In the optical unit, the projection lens unit may protrude from the light source lamp unit and the optical devices so that the combined light from the optical device is incident on the base end of the projection lens. When the projection lens unit is arranged so as to have a front end protrude from the outer case, a dead space is formed at the side of the base end of the projection lens.
Because the power unit has a suction fan located on the base end of the projection lens unit, the apparatus can be miniaturized as a result of the effective use of space in the outer case.
Further, because the cooling air intake port is formed in a region of the lower side of the projection lens unit, the duct section can be provided in the dead space running from the lower side of the projection lens unit to the side of its base end. Accordingly, space in the outer case is effectively used.
In accordance with another aspect of the invention, a projection display apparatus includes an optical unit including a light source lamp unit and a projection lens unit for forming an optical image in response to image information. The apparatus optically treats light beams emitted from the light source lamp unit and expansively projects the optical image on a projection screen through the projection lens unit. An outer case for storing the optical unit and a power unit includes a ventilating fan for ventilating the interior of the outer case near the light source lamp unit. The projection display apparatus further includes a polarized light conversion device facing an emitting surface of the light source lamp unit for separating the light beams emitted from the light source lamp unit into two types of straight polarized light components and for aligning the polarizing direction of the straight polarized light components. A ventilating path is provided inside the outer case for circulating cooling air along at least one face among a light incident face and a light emerging face of the polarized light conversion device.

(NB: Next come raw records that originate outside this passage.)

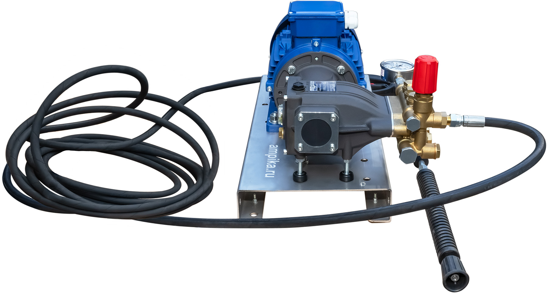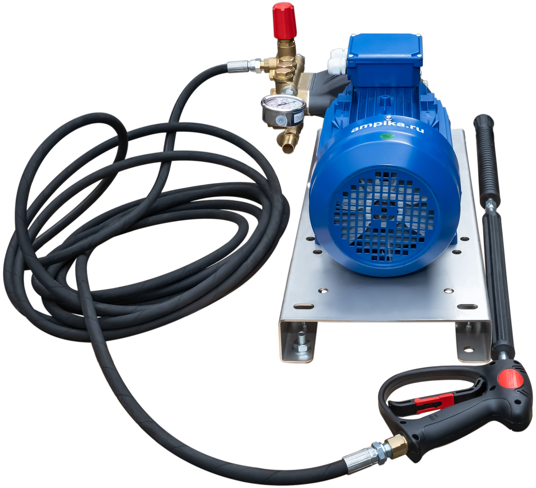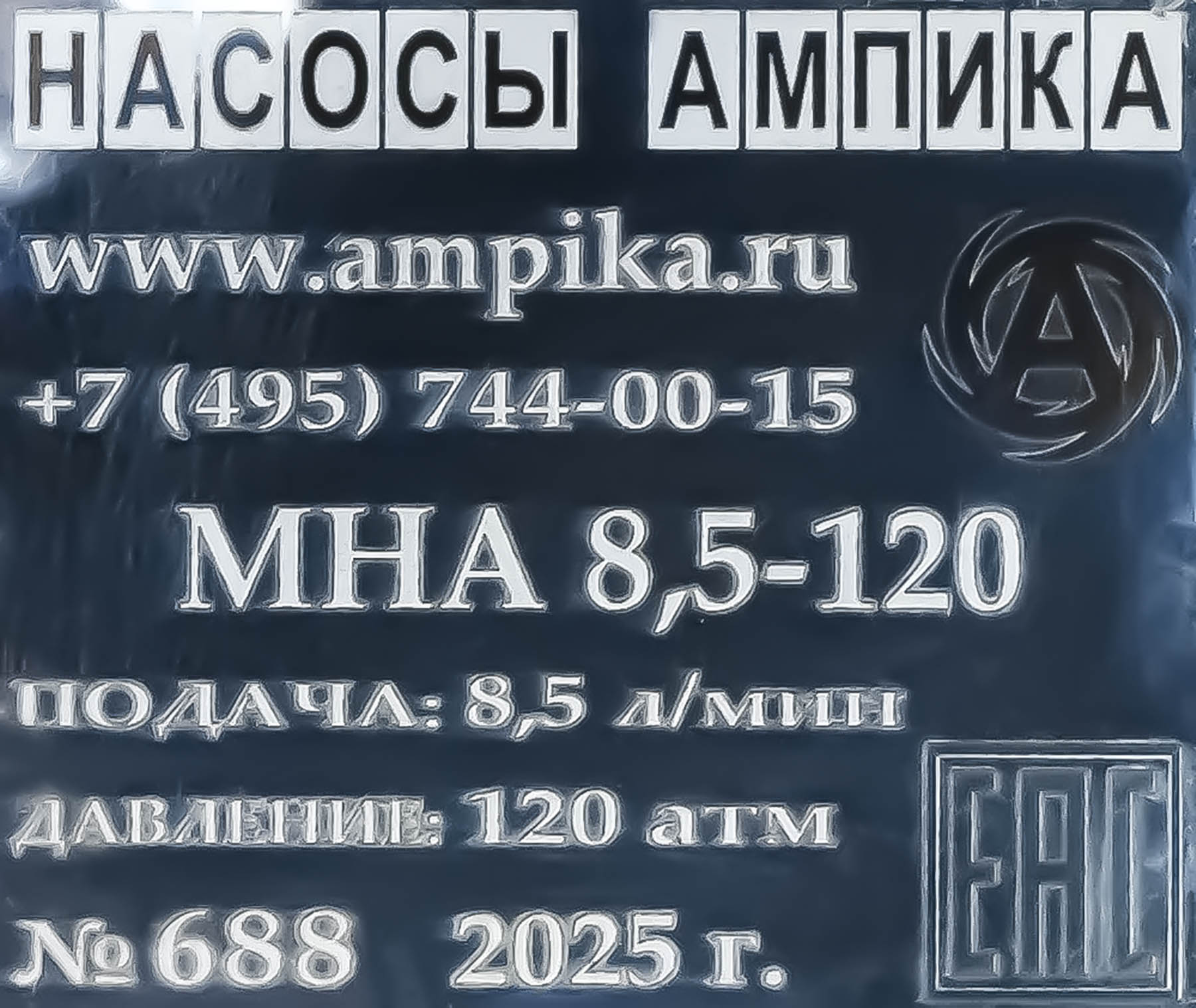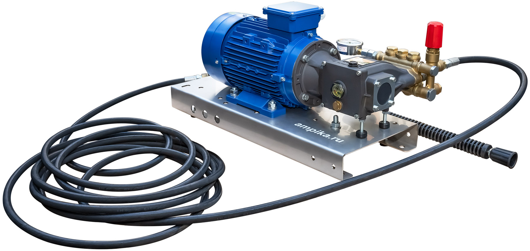 Мойка МНА 8,5-120_380ВКомпактный промышленный моечный агрегат большого давления МНА-8,5-120_380 выдаёт честные 120 атмосфер напора в шланге (в отличие от маркетингового "давления струи" в рекламе обычных моек). Питается от трёхфазной электросети на 380 вольт. Предназначен для организации мойки промышленных изделий и оборудования на производстве, автомойки, мойки колёс грузовиков на выезде со стройки и т.п. Установка состоит из трёхплунжерного насоса высокого давления, электродвигателя, переходного фланца, регулятора давления (возможна регулировка напора в диапазоне от 30 до 120 атм.), манометра на насосе, шланга высокого давления длиной 10 метров с моечным пистолетом-распылителем. Насосы МНА способны стартовать под давлением (преодолевать противодавление), что важно при перерывах: не нужно сбрасывать давление для запуска насоса, можно докачивать. Это разумный выбор для организации локальной автомойки: по нашему опыту параметров этого насоса вполне достаточно для хорошей мойки, и при этом они не избыточны, струя воды не портит детали. Проточная часть выполнена из латуни, поршни - из керамики. Для работы с морской водой (соленой), а также c деминерализованной водой, существует исполнение насосной части из никелированной бронзы. В этом исполнении насос комплектуется перепускным клапаном из нержавеющей стали. Расшифровка условного обозначения марки МНА 8,5-120_380: МНА - серия электрических промышленных моек Ампика, 8,5 - скорость подачи воды, литров в минуту, 120 - давление насоса, атмосфер, 380 - напряжение питания трёхфазного асинхронного электродвигателя, вольт. Мощность электродвигателя: 2,2 кВт. Максимальная температура нагнетаемой воды: +65 ºC. На каждый насос на складе Ампики имеется комплект запасных частей (ЗИП), который может быть поставлен с насосом за отдельную плату. Дополнительную комплектацию можно посмотреть здесь. В таблице характеристик насоса указаны его вес и размеры в упаковочной коробке. Параметры голого насоса: • длина: 620 мм, • ширина: 340 мм, • высота: 320 мм, • вес: 40 кг. Паспорт (инструкция по эксплуатации насоса) вложен в его упаковочную коробку (фанерный ящик). Другие модели этого типа
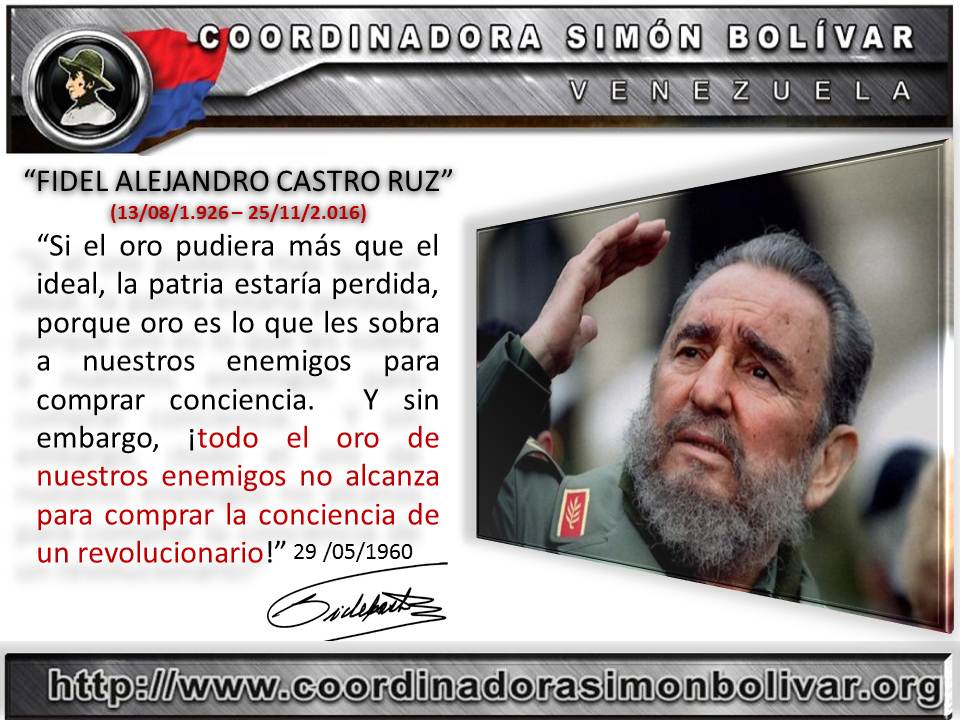 LA COORDINADORA SIMÓN BOLÍVAR como organización social de base, que sienta sus bases en ideales bolivarianos, rinde homenaje a quien dedicó toda su vida en beneficio de los nuestros, a quien con sus acciones despertó la conciencia de los pueblos subyugados por la alienación proveniente del norte. Con orgullo reflexionamos al compás de los cientos de miles de cubanos que aún despiden el cuerpo físico de aquel gigante, el Comandante inmortal de la Revolución, "FIDEL ALEJANDRO CASTRO RUZ", y a quien siembran en sus corazones dándole continuidad a su legado de justicia y paz en libertad.
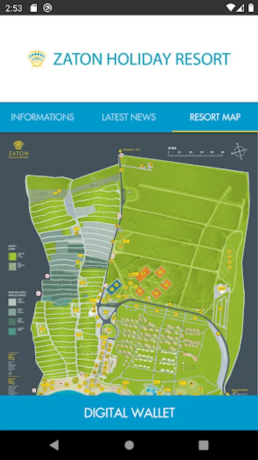 The app also includes a resort map with points of interest as well as various information relevant for your stay.

Because the ventilating path circulates the cooling air along at least one face among the light incident face and the light emerging face of the polarized light conversion device, the cooling air can securely circulate near the polarized light conversion device to achieve satisfactory cooling effects regardless of the configuration of the apparatus.

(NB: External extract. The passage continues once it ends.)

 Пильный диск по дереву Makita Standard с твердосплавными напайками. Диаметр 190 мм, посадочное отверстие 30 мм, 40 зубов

A guide is preferably provided for introducing the cooling air circulated along at least one face among the light incident face and light emerging face of the polarized light conversion device to the light source lamp unit.
In such an apparatus, the guide introduces the cooling air after cooling the polarized light conversion device to the light source lamp unit to effectively cool the light source lamp unit. The lamp life is therefore prolonged, and replacement of the lamp is required less frequently.

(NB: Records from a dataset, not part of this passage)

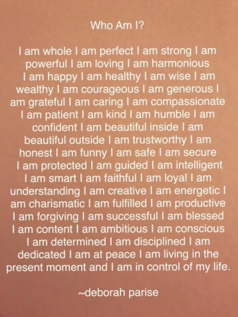 Whenever you are aware of self-criticism, here are some positive affirmations to repeat that will bring you back to who you really are. The list is endless, but of course, I had to stop somewhere. At the beginning of each statement, always use these two significant words: “I am.” And remember, God made you perfect.
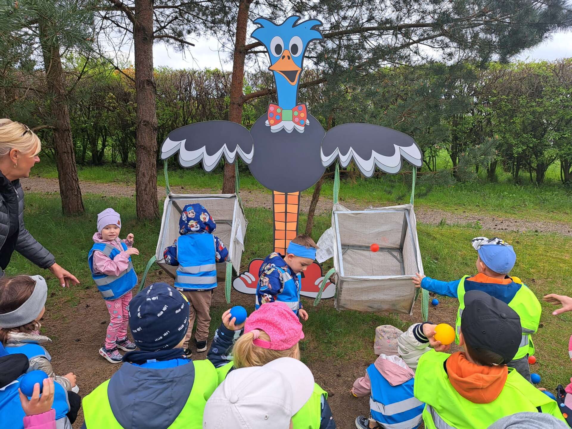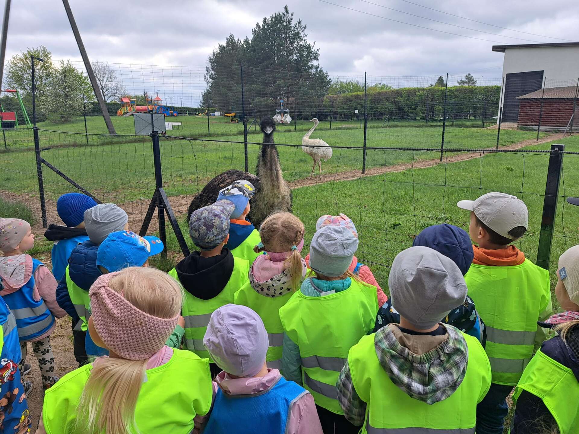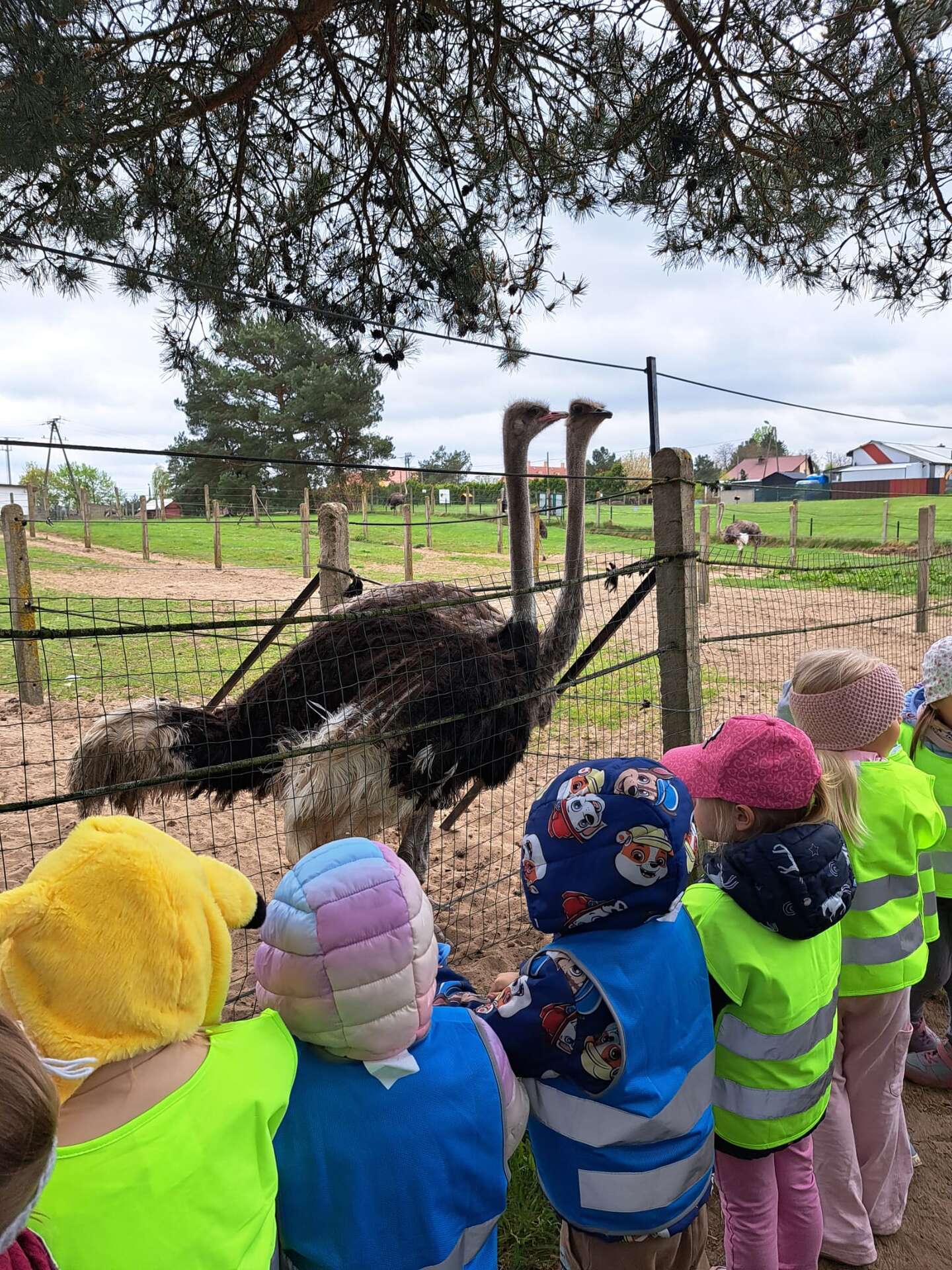 Podczas spaceru po farmie dzieci z zainteresowaniem obserwowały wielkie ptaki, słuchały ciekawostek o ich zwyczajach, żywieniu i sposobie życia. Dowiedziały się także, jak wygląda strusie jajo i miały okazję zobaczyć inne zwierzęta hodowlane.
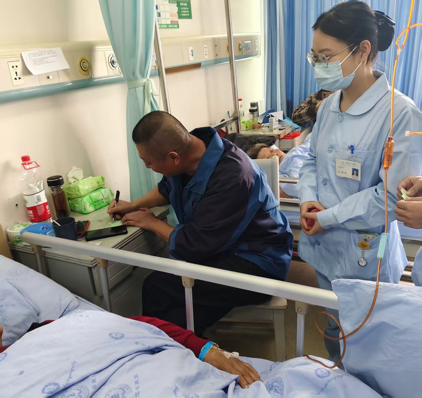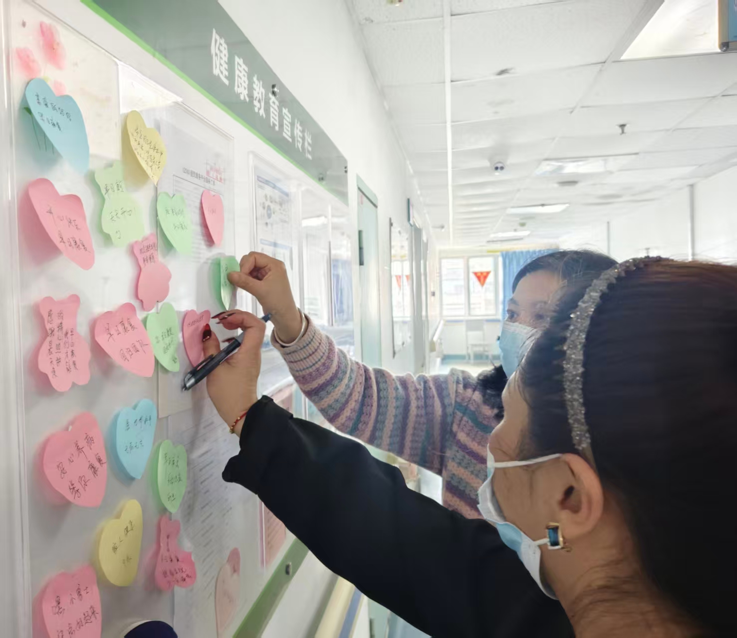 在老師的帶領下,我和幾位實習同學一起策劃了這場名為“接住心愿”的特別活動。五彩的心愿貼和細長的筆在我們手中傳遞,不一會兒,病房走廊上就立起了一面“秋日心愿墻”。我們輕聲對每一位病人和家屬說:“重陽安康,要不要把您的心愿寫在紙上,讓我們成為那個接住您心愿的人。”我們走進病房,昨天剛做完手術的張奶奶精神好了許多,正靠在床頭和女兒輕聲聊著天。我們遞上心形心愿貼,熱情地邀請:“張奶奶,今天重陽節(jié),要不要寫個心愿呀?”“來,我?guī)蛬寢寣懀?rdquo;她的女兒主動接過紙條,低頭認真寫下:“親愛的媽媽,早日康復。”話音落下,張奶奶笑得眼角的皺紋都舒展開來。那一刻,我忽然有些動容——不知從什么時候開始,我們越來越羞于直接表達愛意,特別是對最親的人。而這一句簡單的話,卻像一縷陽光,照進了每個人的心里,連病房的空氣都變得柔軟起來。家屬把心愿貼鄭重地貼在心愿墻上,仔細看著墻上其他人的心愿,輕聲說:“希望這些愿望,都能實現。”早日康復,多么平常的一句話,卻是病房里最真摯的期盼。這一刻我深深體會到,護理的真諦不僅在于技術的精湛,更在于共情與陪伴。這面小小的心愿墻,早已超越了節(jié)日的儀式感,它讓那些藏在心底的祝福,變成了看得見的溫暖。我站在心愿墻前,看著被我們稱為“小太陽”的心愿貼,它真的成了一座橋——一頭連著病痛與不安,一頭通向希望與溫暖。

The outer case may be provided with an operating section having a plurality of switches including a main on/off switch for main power. A protruding section may protrude from the main switch between the main switch and the switch adjacent to the main switch. Such a structure prevents erroneous operation of the main switch.
The protruding section is preferably provided along the periphery of the main switch. This structure also prevents careless contact with the main switch and thus securely prevents erroneous operation of the switch.
A circuit board may be provided in the optical unit. A temperature-sensing element may be connected to the circuit board and located near the light source lamp unit to monitor the temperature of the lamp.
Such a structure effectively monitors the temperature of the light source lamp unit while obviating wiring between the temperature-sensing element and the circuit board because the temperature-sensing element is directly mounted on the circuit board.